NOTE: To get the full story, we encourage you to listen to the episode. The following episode notes serve as a guide, explaining what we cover in each section. Fast forward to hear more about specific topics and sections.
Walking across Afghanistan
So, it’s 2006, and Shoshana arrives in Kabul to volunteer with a newly formed organisation. Turquoise Mountain, as this organisation was called, was founded by HRH The Prince of Wales to revive historic areas and traditional crafts in Kabul.
The once glorious capital city had played an important role in world history, architecture and crafts since antiquity. To get things going, Prince Charles dispatched Rory Stewart, a British diplomat, politician, author and explorer, to Afghanistan.
Rory had just completed a solo trek on foot that lasted more than eighteen months and took him through Iran, Pakistan and the Himalayas of India and Nepal. The walk also included a 36-day walk across Afghanistan. Rory typically walked 20–25 miles a day and stayed in villages houses every night. When Rory arrived in Kabul to set up T M, he knew a thing or two about the country’s repository of wonderful historic buildings and he’d already started things rolling.
In academic circles, Turquoise Mountain’s approach would be called a community-based integrated development project.
When Shoshana landed in Kabul, her first stop was an old gated compound. Entering the gates, she saw two pairs of legs dangling off an old brick wall. The first belonged to an Afghan mason who was wearing loose shalwar kameez and a glorious black turban. The other was Rory, a Scot properly dressed in brogues.
It’s safe to say that Rory and Shoshana hit it off. The two later married .. but, that’s another story. Let’s continue with the story of Shoshana’s first days in Kabul ..
Shoshana in Kabul, the early days
What Shoshana just described was the clearing of The Great Serai, a former merchant compound in Murad Khane. A historic market and commercial hub on the banks of the Kabul River, Murad Khane dates back to the early 18th century, when the Afghan King Ahmad Shah Durrani granted the land to members of his court. In the 19th and 20th centuries, Murad Khane was a flourishing bazaar and trading hub, and its residents built houses with intricately carved wood and plaster decoration.
One of the most spectacular was the merchant home known as the Great Serai.
Once Shoshana, Rory and the team cleared the rubble, they uncovered beautifully carved cedar wood and original sliding windows. The Serai compound is now home to the Turquoise Mountain Institute, where the organization runs its crafts institute, clinic and school in Kabul. How did Turquoise Mountain’s aim to revive historic areas and traditional crafts come together?

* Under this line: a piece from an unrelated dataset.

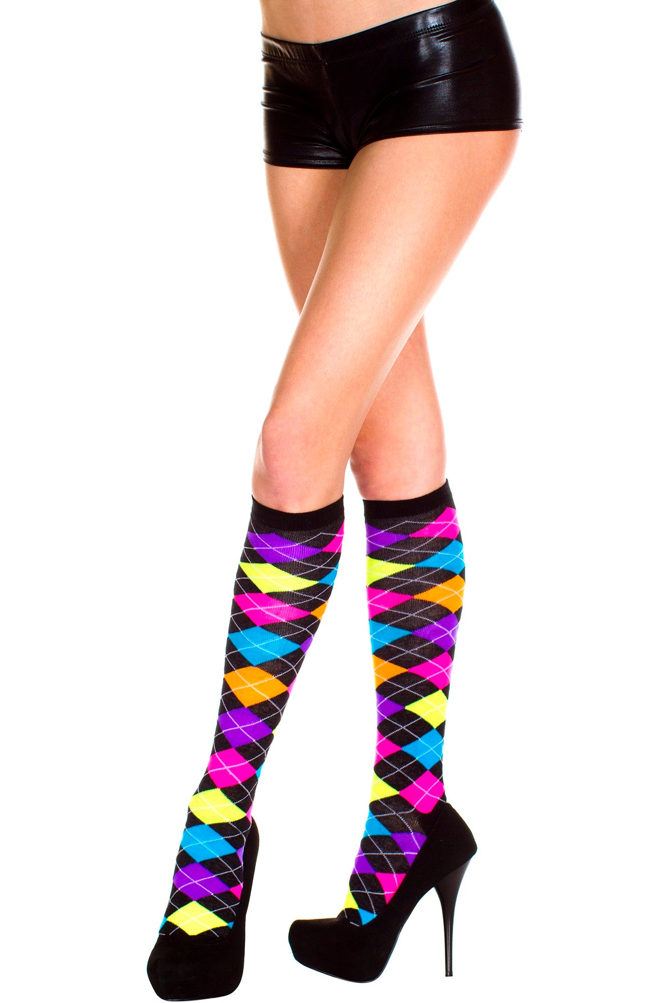 Acrylic Neon Argyle Knee High ML
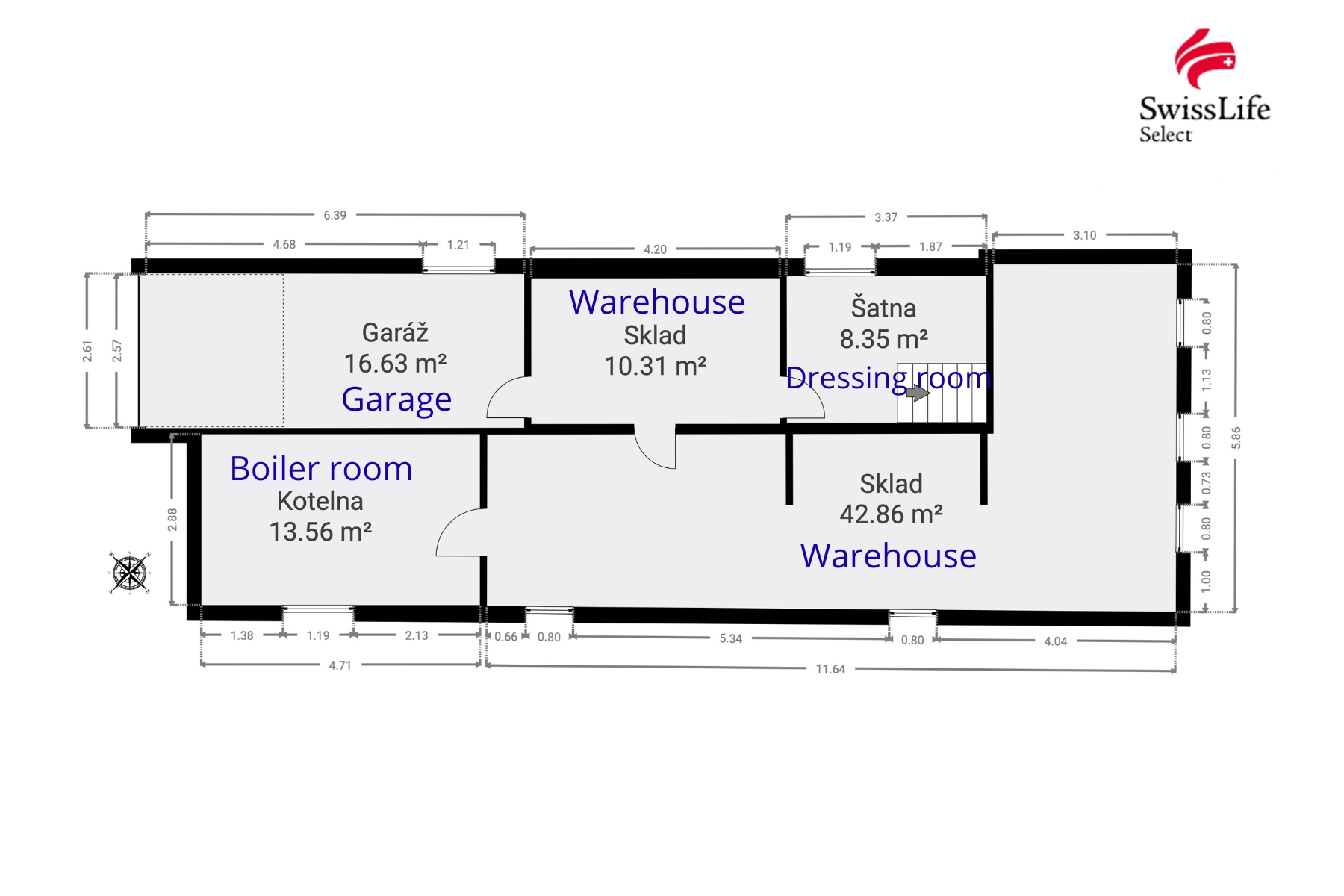 Basement: garage, workshop, utility room with boiler, 2 storage rooms, cloakroom.

From master artisan to craft business
In academic circles, Turquoise Mountain’s approach would be called a community-based integrated development project. How does this jargon play out on the ground? A cornerstone of Turquoise Mountain’s approach is building relationships. This means building trust. Addressing needs identified by the community. Listening.
The last one is particularly critical. It’s about listening to those who are vocal and those who, for any number of reasons, are reluctant to speak. Opening a clinic and a primary school weren’t on the agenda, but working side by side with the residents of Murad Khane, it became clear that a clinic and a school were needed, both for the service they provide and as a place where mothers and children could share their perspective and experience.
Where to next?
Fifteen years in, Turquoise Mountain has restored over 150 historic buildings, trained over 6000 artisans and treated almost 136,000 patients in their Kabul clinic. They’ve supported and generated over 15.5 million in sales of traditional crafts to international clients. And, Shoshana, who came to Kabul as a volunteer looking for adventure and purpose is the organization’s CEO.
These days, in addition to Afghanistan, Turquoise Mountain also has projects in Myanmar, Saudi Arabia and Jordan. Syria is on the horizon. Shoshana shares a little about how the idea to expand came about.
Interestingly, she points out that each locale has its particular focus, but the synergy of working in several countries has worked well for the organisation’s sales and marketing approach. In the end, any community development project the organisation takes on must fulfill the Turquoise Mountain’s ethos of energy, beauty and pride.